American indie rock duo

The Helio Sequence is an American indie rock duo from Beaverton, Oregon, signed to Sub Pop. The band consists of Brandon Summers on vocals and guitars and Benjamin Weikel on drums and keyboards.

==History==
Summers and Weikel formed The Helio Sequence in 1999, and played their first show in Portland at the Mount Tabor Theater.

The band has released three albums on Sub Pop, two on the Portland-based label Cavity Search and a self-released EP. Their fifth album, entitled Negotiations, was released on September 11, 2012, on Sub Pop.

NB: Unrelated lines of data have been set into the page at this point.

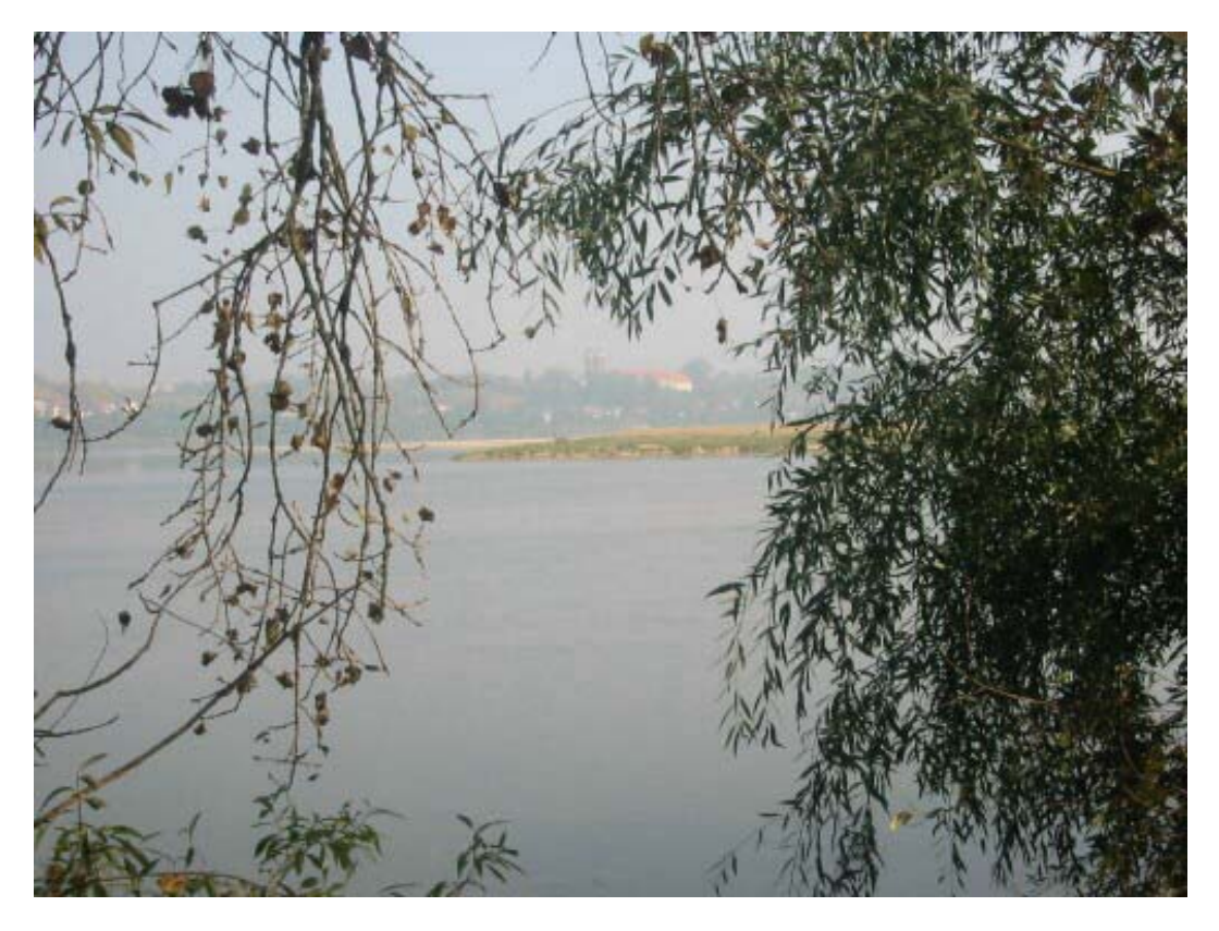
The Vistula near Sladów

We walked along the levee for a bit, enjoying the breadth of the countryside in the unbelievably warm autumn weather. On the bank we took some photos of this wonderfully beautiful river. Pictures such as these should be framed! An old apple tree had lavishly given away its fruit, many apples lay there in the grass, red and appetizing. We picked up some of them. They tasted very sweet, having very little acid. What a pity, we didn't think of taking some back to Aunt Amanda; perhaps she would have recognized the type.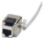
RJ45 socket insert, modular (Keystone), CAT5e, 8-pos., shielded, with cable connection (LSA), for solid wires AWG 26 ... 22

RJ45 socket insert - VS-08-BU-RJ45/KA/LSA - 1689459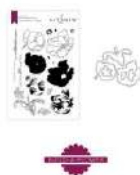
Altenew BUILD A FLOWER POPPY Clear...

Here are the supplies used. Where available I use Compensated Affiliate Links, which means if you make a purchase through my link, I receive a small commission at no extra cost to you. Thank you so very much for your support, I genuinely appreciate it.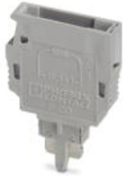
Component connector, Nominal current: 6 A, Length: 24 mm, Width: 5.2 mm, Height: 22 mm, Color: gray

Please be informed that the data shown in this PDF Document is generated from our Online Catalog. Please find the complete data in the user's documentation. Our General Terms of Use for Downloads are valid ( http://download.phoenixcontact.com )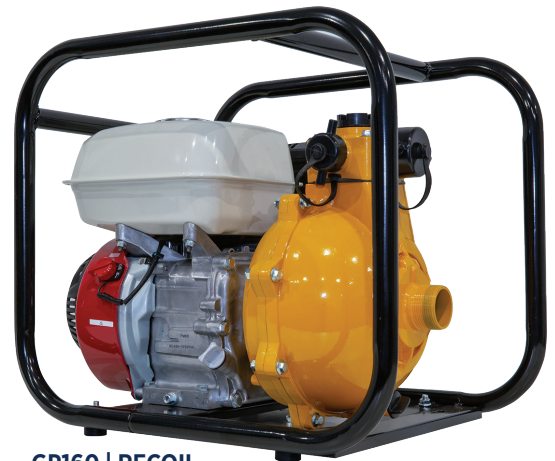
GP160 | RECOIL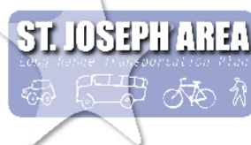
Figure x-x September 2008 Transit Routes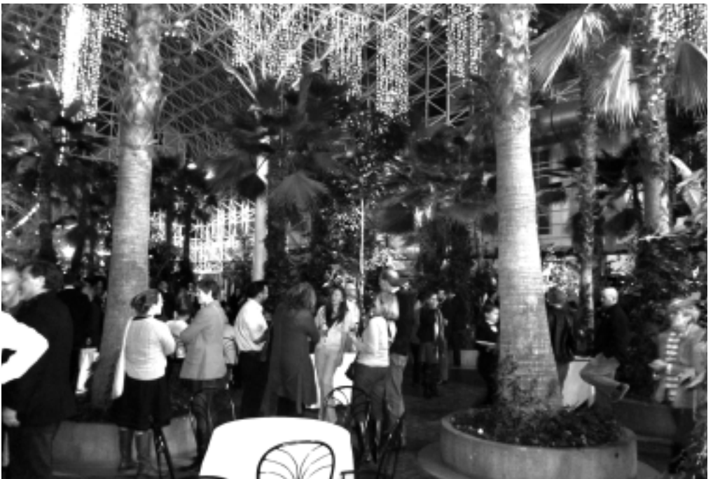
Host Committee Reception at the 2011 Consumer Rights Litigation Conference in Chicago.

NACA —Annual Meeting, Media and Trial Advocacy Awards with Cash Bar and Silent Auction

The Helio Sequence toured the United States with the British band Keane in 2009, and in June 2010, they were Keane's support act in several gigs through Great Britain during the band's Night Train Tour. In September 2013, The Helio Sequence again toured the United States, this time co-headlining with Menomena.

For their 2015 self-titled album The Helio Sequence, the band revamped the process in which they created their music. They wrote 26 songs which they sent to friends, asking them to list their favorite ten songs. Using the responses, by the end of June 2014 the band had compiled a list of ten songs for the album. The album received generally favorable reviews, with Eric Swedlund of Paste Magazine calling it a "career-defining album". Others, such as Adam Kivel of Consequence of Sound claimed that "it’s [the album] a reset of the odometer rather than a definitive statement of destination." They announced a tour in support of the album, beginning on April 14, 2015, in Portland and winding up on June 27, 2015, in St. Paul, Minnesota.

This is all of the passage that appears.